Here is a comparison of the newly corrected and previous DARM spectra.

As shown in the attached screenshot, the high frequency excess wing that has been shown above 3 kHz is now gone. The noise level at around 7 kHz now seems a bit too low compared with the f-shaped GWINC curve (shown in green). This maybe a real calibration error because I have applied the best and latest knowledge about the sensing chain for correcting the spectrum.

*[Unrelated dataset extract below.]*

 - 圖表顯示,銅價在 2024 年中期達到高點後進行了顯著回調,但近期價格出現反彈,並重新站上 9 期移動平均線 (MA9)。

The correction filter is made by a matlab script:

/ligo/svncommon/CalSVN/aligocalibration/trunk/Runs/PreER8/H1/Scripts/ControlRoomCalib/H1DARM_FOM_correction.m

This script creates a text file which contains the correction filter in [freq, dBmag, phasedeg] format from 1 Hz to 7444 Hz. The text file can be found at

/ligo/svncommon/CalSVN/aligocalibration/trunk/Runs/PreER8/H1/Scripts/ControlRoomCalib/DARM_FOM_calibration.dat

Both script and text files are checked in to the svn. Also I updated the latest FOM dtt template, H1_DARM_FOM_20150722.xml so that it now uses the new correction filter.

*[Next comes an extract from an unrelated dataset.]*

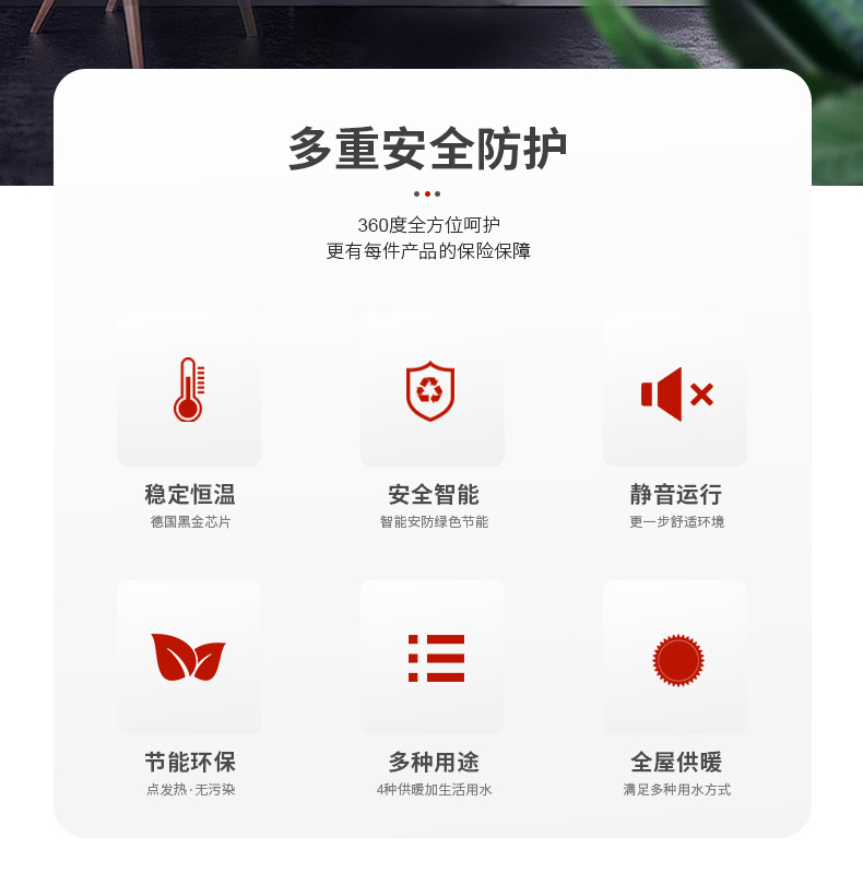 全設有雙重漏電保護,防干燒保護,不污染室內空氣,超溫報警,安全干擾升溫快熱效率高開機1分鐘,加熱器熱水由內膽向暖氣片循環。

[Corrections newly included]

Here is a list of what I newly included.

• Analog anti-aliasing filter
  • See this plot from alog 17951
• Unconmpensated OMC DCPD poles
  • See this plot from alog 18037
• True zpk([355], []) cavity pole, instead of zpk([355], [7000]) in the IIR filter
  • See some discussion in G1501013

Note that the previous correction was made only from the IOP down sampling filter and the numerical whitening zpk([1,1,1,1,1], [100,100,100,100,100]) which are still included in the new correction.